Assuming $F(x)=(f_1(x),f_2(x),f_3(x))$ a differentiable vector function of the variable $x=(x_1,x_2,x_3)$, lets calculate $\nabla ( (\nabla g) \cdot F )$. I will use the notation $\frac{\partial}{\partial x_i}g=g_{x_i}$. All the sums will be with $i=1,2,3$:

\begin{eqnarray} \nabla((\nabla g)\cdot F) &=& \nabla\left(\sum g_{x_i}f_i\right)\\ &=&\left(\left(\sum g_{x_i}f_i\right)_{x_1},\left(\sum g_{x_i}f_i\right)_{x_2},\left(\sum g_{x_i}f_i\right)_{x_3}\right)\\ &=&\sum\left(\begin{array}{c} g_{x_ix_1}f_i \\ g_{x_ix_2}f_i \\ g_{x_ix_3}f_i \end{array}\right)+\sum\left(\begin{array}{ccc} g_{x_1}(f_i)_{x_1} \\ g_{x_2}(f_i)_{x_2} \\ g_{x_3}(f_i)_{x_3} \end{array}\right)\\ &=&\textrm{D}^2g\cdot F+A \end{eqnarray}

where $A$ is the second term beside $\textrm{D}^2g\cdot f$. Lets take a more carefull look at $A$.

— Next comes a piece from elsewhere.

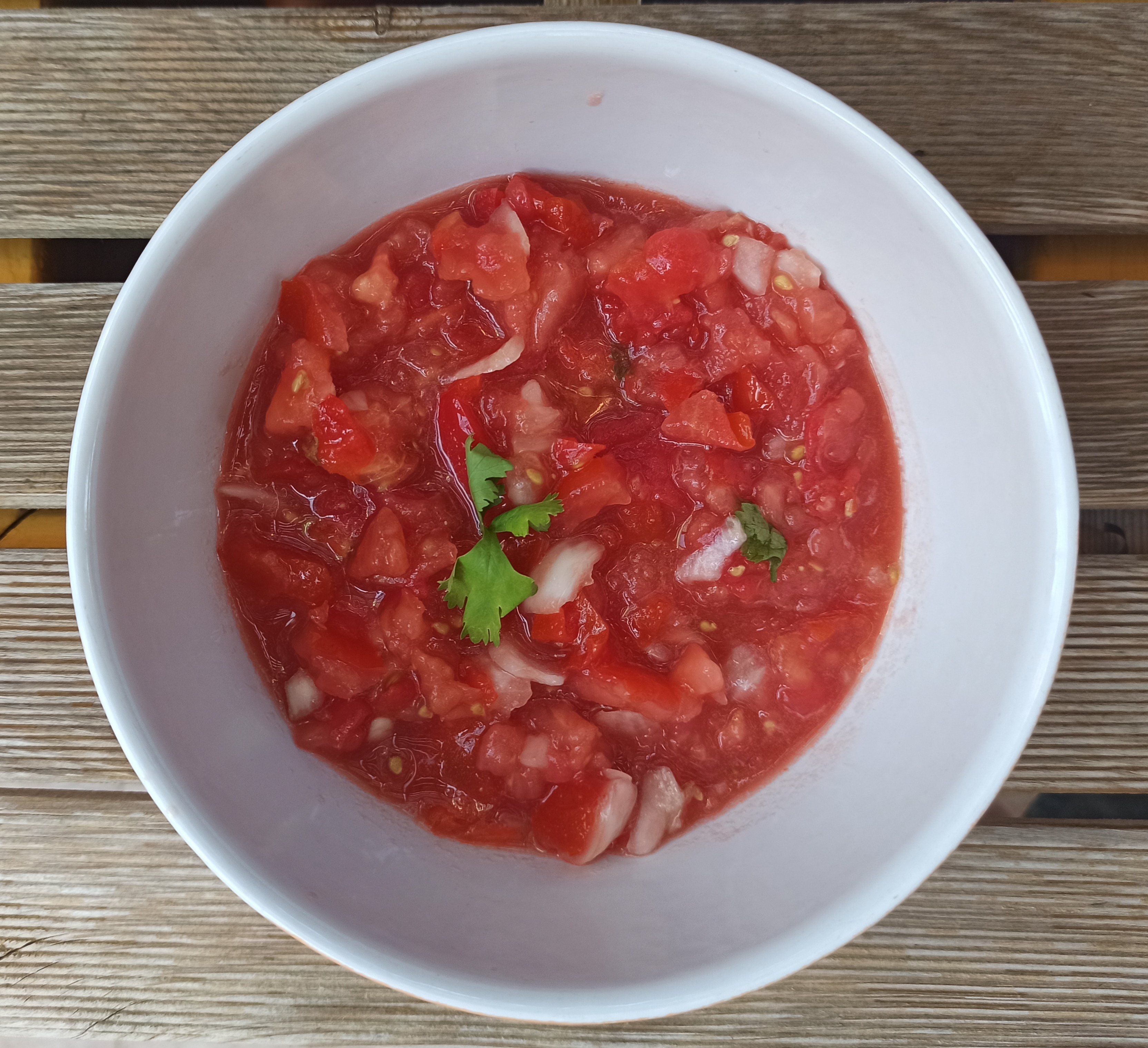 1. Colocamos el tomate, el chile serrano, el diente de ajo, la cebolla, la sal y el cilantro en el vaso, picamos 6 seg/vel 4.
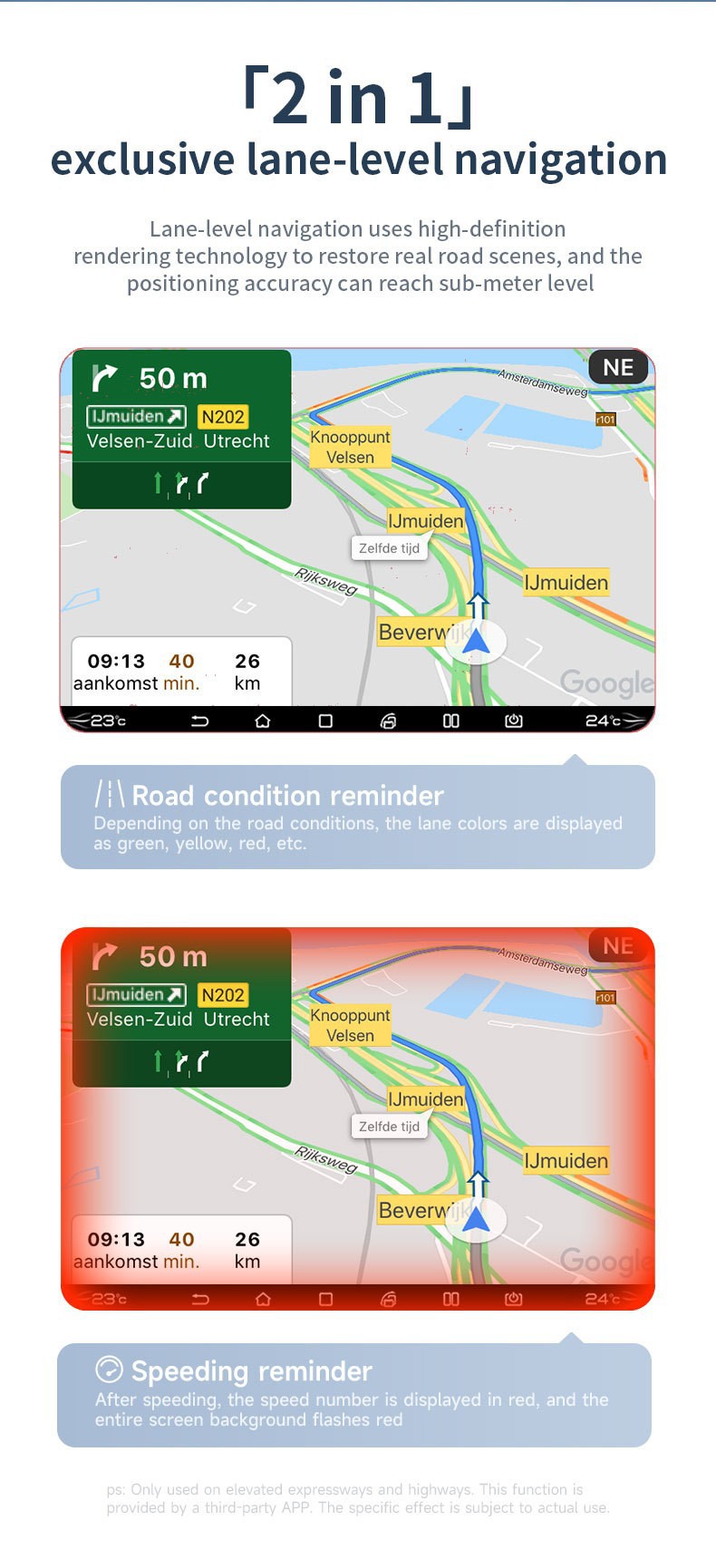 - Advanced Navigation Features (App Dependant): Includes lane-level navigation, road condition reminders (visualized by lane coloring), and speeding reminders.

\begin{eqnarray} A&=&\left(\begin{array}{c} g_{x_1}[(f_1)_{x_1}+(f_2)_{x_1}+(f_3)_{x_1}] \\ g_{x_2}[(f_1)_{x_2}+(f_2)_{x_2}+(f_3)_{x_2}] \\ g_{x_3}[(f_1)_{x_3}+(f_2)_{x_3}+(f_3)_{x_3}] \end{array}\right)\\ &=&\left(\begin{array}{ccc} A_1 & 0 & 0 \\ 0 & A_2 & 0 \\ 0 & 0 & A_3 \end{array}\right)\cdot\nabla g \end{eqnarray}

where $$A_i=F_{x_i}\cdot(1,1,1)=\sqrt[3]{2}\cdot\left(F_{x_i}\cdot\frac{1}{\sqrt[3]{2}}(1,1,1)\right)=:\sqrt[3]{2}\cdot\left(F_{x_i}\cdot u\right)$$

where $u\in\mathbb{S}^2$ is a unitary vector. Hence,

$$|\nabla((\nabla g)\cdot F)|\leqslant\sup_{w\in\mathbb{S}^2}|\textrm{D}^2g \cdot w|\cdot|F|+|\nabla g|\cdot\max|A_i|$$

It is all indicating we need hypotesys on $g$ and its derivatives, as well as on $F$ and its derivatives (because $A_i$ depends on it) to get some useful inequality.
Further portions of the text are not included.